The SPB having a melting point of 105 ° C. in Comparative Example 3 had a small effect on hardness and modulus, and a small effect on improving impact resistance.
[0055]
【The invention's effect】
Since the rubber composition for a golf ball of the present invention is composed of a vulcanizable rubber, a specific SPB and a co-crosslinking agent, the golf ball has excellent impact resistance while maintaining rebound resilience at an appropriate hardness. A suitable rubber composition is provided.

Claims (4)

The mixing ratio of the vulcanizable rubber (A) and the syndiotactic 1.2 polybutadiene (SPB) (B) having a reduced viscosity of 0.1 to 4 is 99/1 to (A) / (B) by weight. A rubber composition for a golf ball, comprising 10 to 50 parts by weight of a co-crosslinking agent based on 100 parts by weight of a base polymer comprising a 60/40 mixture. 2. The golf ball according to claim 1, wherein the (B) SPB has a 13C-NMR 1.2 bond content of 70% or more and a syndiotacticity in the 1.2 bond of 90% or more.

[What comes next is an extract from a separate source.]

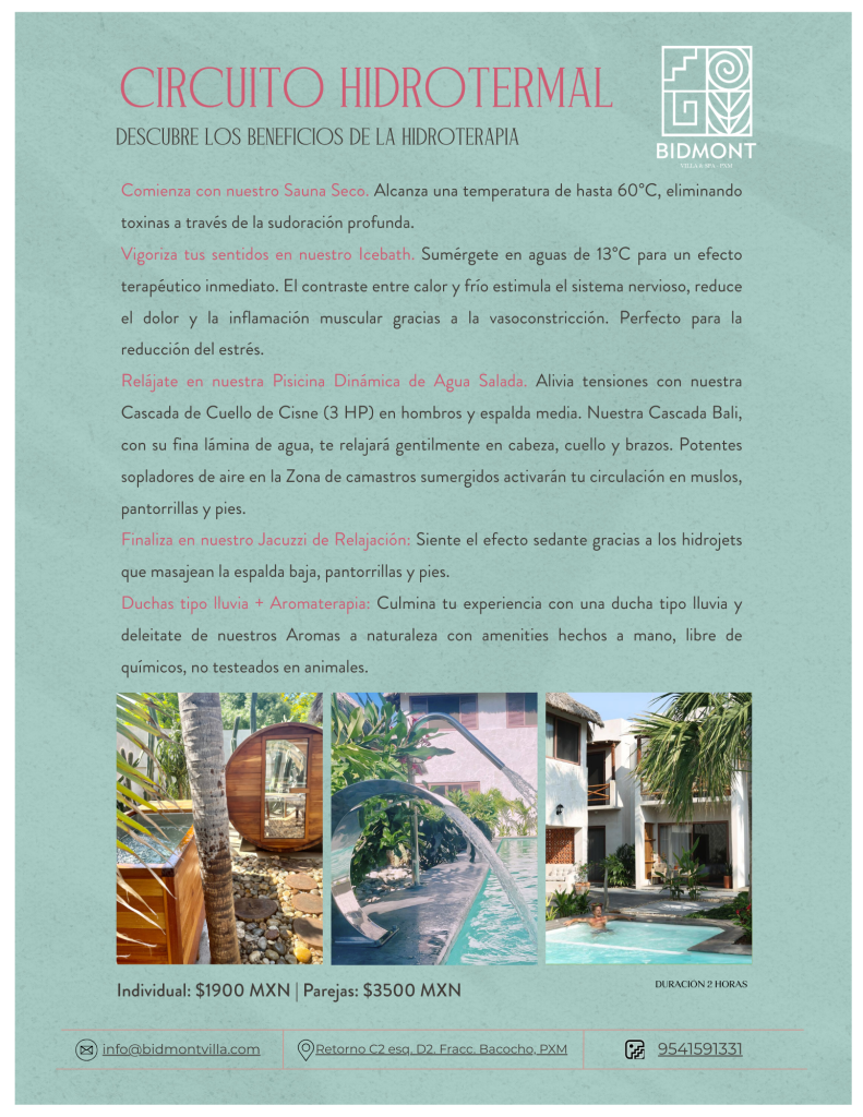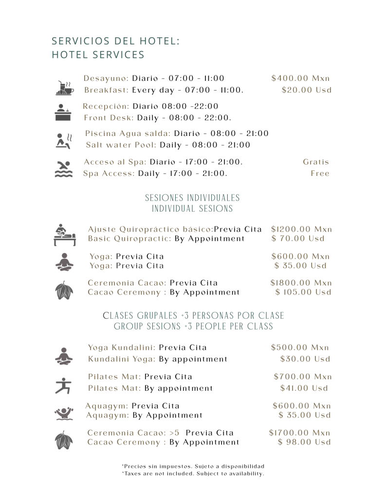 Nuestros servicios integrales de bienestar abarcan actividades físicas y sensoriales aunado a una Spa de Circuito termal, que permitirán liberar estrés, revitalizar la energía y alcanzar una profunda sensación de paz, que intente perdurar más allá de su estancia.

Rubber composition. 3. The rubber composition for golf balls according to claim 1, wherein the melting point of SPB of (B) is 110 ° C. or higher. The rubber composition for a golf ball according to any one of claims 1 to 3, wherein the vulcanizable rubber (A) is mainly composed of a polybutadiene rubber having a cis 1.4 bond of 80% or more.